SpaceMap = [ (0,10,U), (10,10,U), (20,600,U), (620,100,U), (720,20,F) ]
TableMap = [ ("employee",20,500), ("project",620,40) ]
... Single-file Storage Manager 18/68
Each file segment consists of a number fixed-size blocks
The following data/constant definitions are useful
#define PAGESIZE 2048 // bytes per page
typedef long PageId; // PageId is block index
// pageOffset=PageId*PAGESIZE
typedef char *Page; // pointer to page/block buffer
Typical PAGESIZE values: 1024, 2048, 4096, 8192
... Single-file Storage Manager 19/68
Storage Manager data structures for opened DBs & Tables
typedef struct DBrec {
char *dbname; // copy of database name
int fd; // the database file
SpaceMap map; // map of free/used areas
NameTable names; // map names to areas + sizes
} *DB;
typedef struct Relrec {
char *relname; // copy of table name
int start; // page index of start of table data
int npages; // number of pages of table data
...
} *Rel;
Example: Scanning a Relation
With the above disk manager, our example:
select name from Employee
might be implemented as something like
DB db = openDatabase("myDB");
Rel r = openRelation(db,"Employee");
Page buffer = malloc(PAGESIZE*sizeof(char));
for (int i = 0; i < r->npages; i++) {
PageId pid = r->start+i;
get_page(db, pid, buffer);
for each tuple in buffer {
get tuple data and extract name
add (name) to result tuples
}
}
Single-File Storage Manager 21/68
// start using DB, buffer meta-data
DB openDatabase(char *name) {
DB db = new(struct DBrec);
db->dbname = strdup(name);
db->fd = open(name,O_RDWR);
db->map = readSpaceTable(db->fd);
db->names = readNameTable(db->fd);
return db;
}
// stop using DB and update all meta-data
void closeDatabase(DB db) {
writeSpaceTable(db->fd,db->map);
writeNameTable(db->fd,db->map);
fsync(db->fd);
close(db->fd);
free(db->dbname);
free(db);
}
... Single-File Storage Manager 22/68
// set up struct describing relation
Rel openRelation(DB db, char *rname) {
Rel r = new(struct Relrec);
r->relname = strdup(rname);
// get relation data from map tables
r->start = ...;
r->npages = ...;
return r;
}
// stop using a relation
void closeRelation(Rel r) {
free(r->relname);
free(r);
}
... Single-File Storage Manager 23/68
// assume that Page = byte[PageSize]
// assume that PageId = block number in file
// read page from file into memory buffer
void get_page(DB db, PageId p, Page buf) {
lseek(db->fd, p*PAGESIZE, SEEK_SET);
read(db->fd, buf, PAGESIZE);
}
// write page from memory buffer to file
void put_page(Db db, PageId p, Page buf) {
lseek(db->fd, p*PAGESIZE, SEEK_SET);
write(db->fd, buf, PAGESIZE);
}
... Single-File Storage Manager 24/68
Managing contents of space mapping table can be complex:
// assume an array of (offset,length,status) records
// allocate n new pages
PageId allocate_pages(int n) {
if (no existing free chunks are large enough) {
int endfile = lseek(db->fd, 0, SEEK_END);
addNewEntry(db->map, endfile, n);
} else {
grab "worst fit" chunk
split off unused section as new chunk
}
// note that file itself is not changed
}
... Single-File Storage Manager 25/68
Similar complexity for freeing chunks
// drop n pages starting from p
void deallocate_pages(PageId p, int n) {
if (no adjacent free chunks) {
markUnused(db->map, p, n);
} else {
merge adjacent free chunks
compress mapping table
}
// note that file itself is not changed
}
Changes take effect when closeDatabase() executed.
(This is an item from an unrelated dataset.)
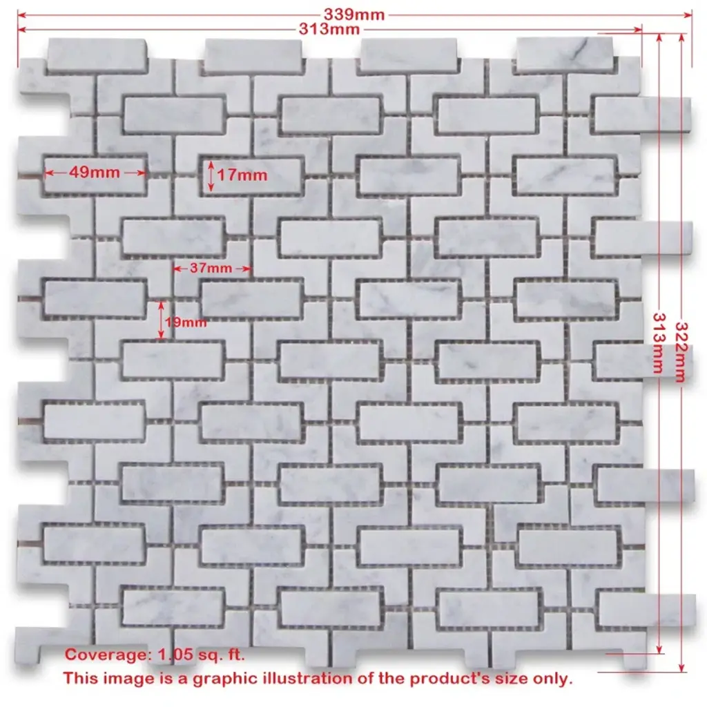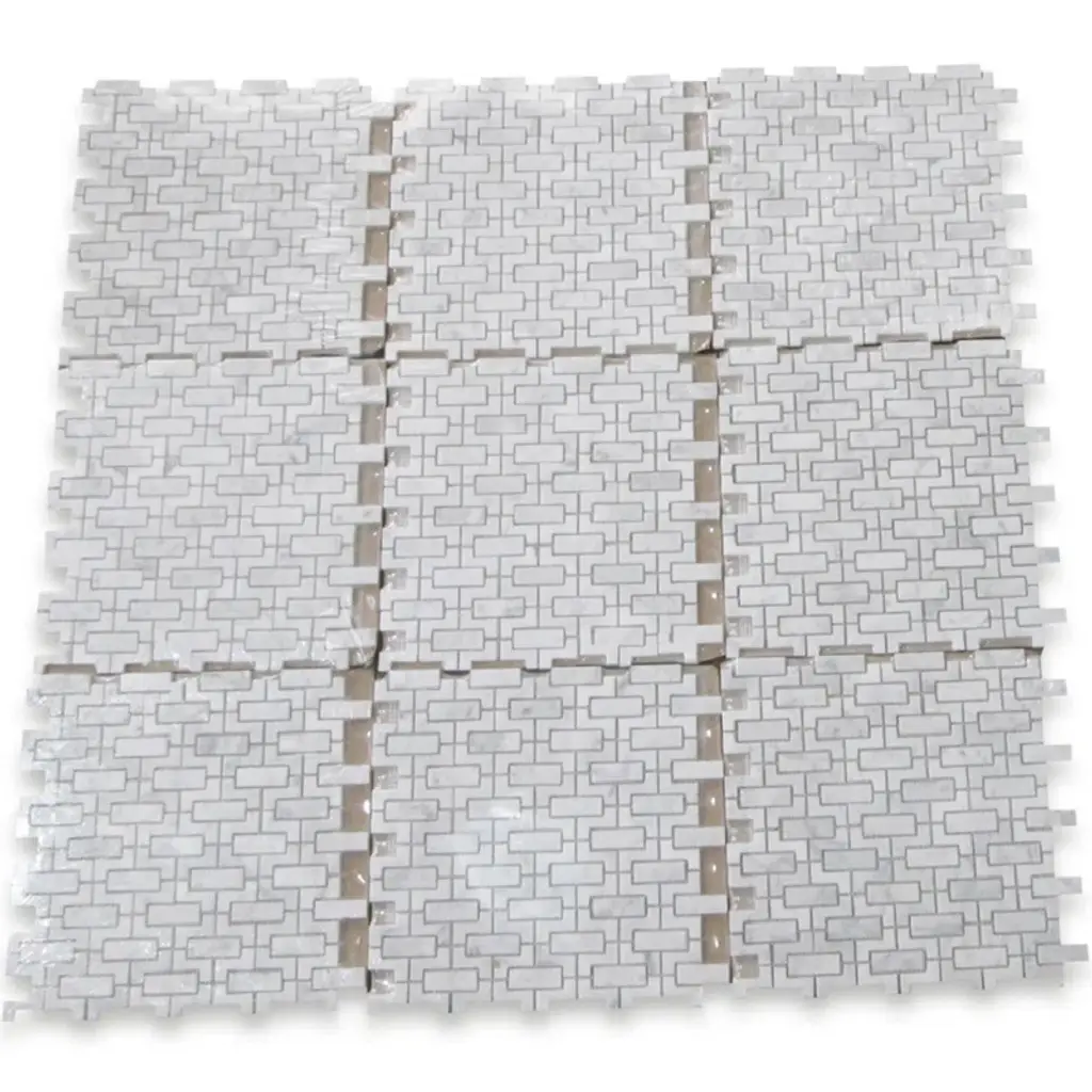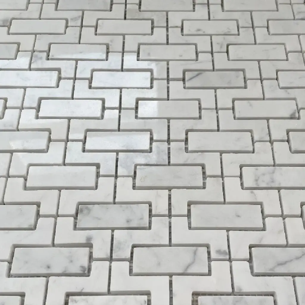 Premium Grade Fretwork Interlock Pattern White Carrara Marble Mosaic Tile. Italian Bianco Carrera White Venato Carrara Polished Fretwork Mosaic Wall and Floor Tiles are perfect for any residential / commercial projects. The Carrara White Marble Fretwork Interlock Mosaic Tile can be used for bathroom flooring, shower surround, kitchen backsplash, corridor, spa, etc.
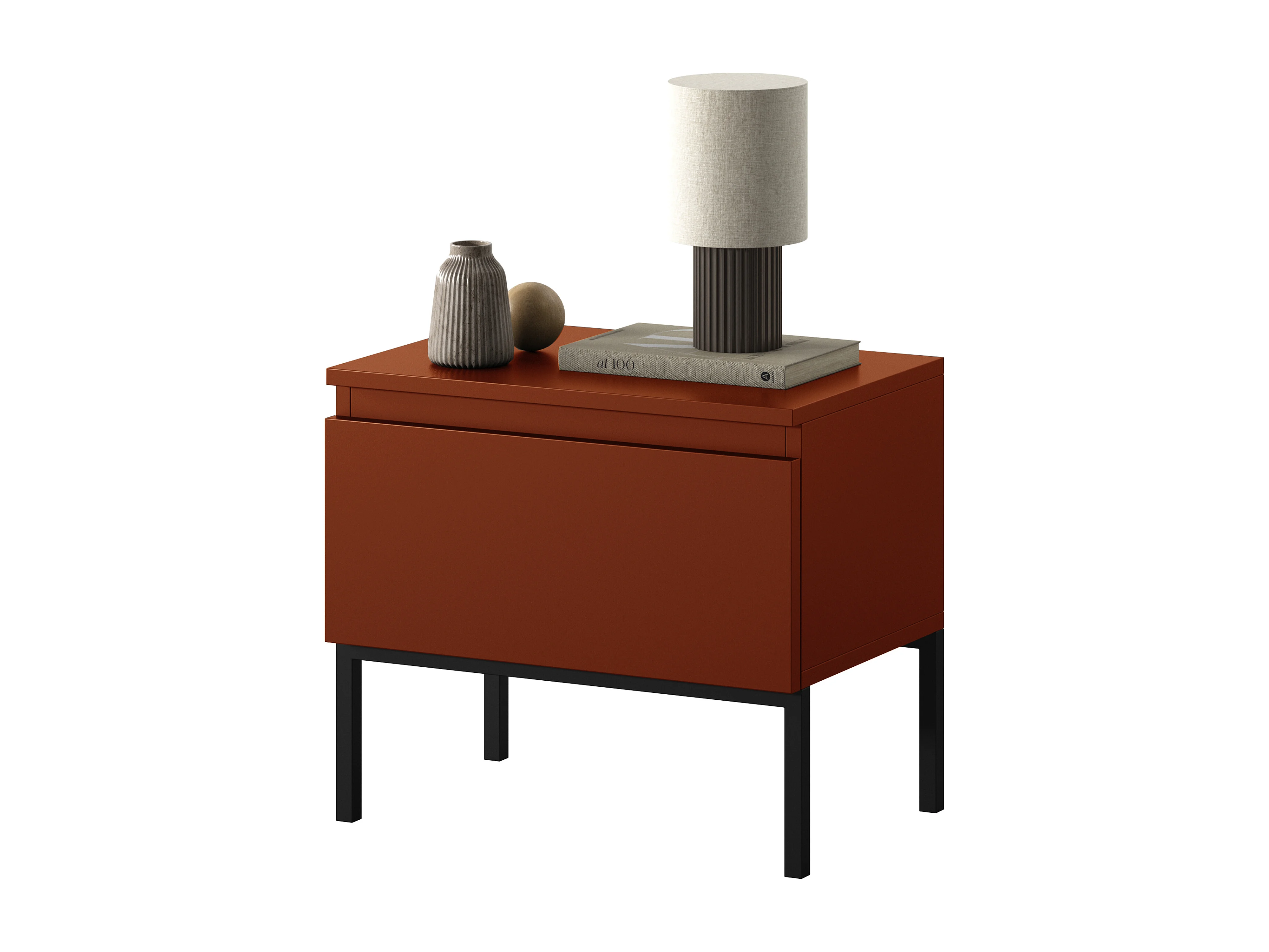 Nachttisch, Ziegelrot mit Metallbeinen - Bemmi

Exercise 1: Relation Scan Cost 26/68
Consider a table R(x,y,z) with 105 tuples, implemented as
number of tuples r = 10,000
average size of tuples R = 200 bytes
size of data pages B = 4096 bytes
time to read one data page Tr = 10msec
time to check one tuple 1 usec
time to form one result tuple 1 usec
time to write one result page Tr = 10msec
Calculate the total time-cost for answering the query:
insert into S select * from R where x > 10;
if 50% of the tuples satisfy the condition.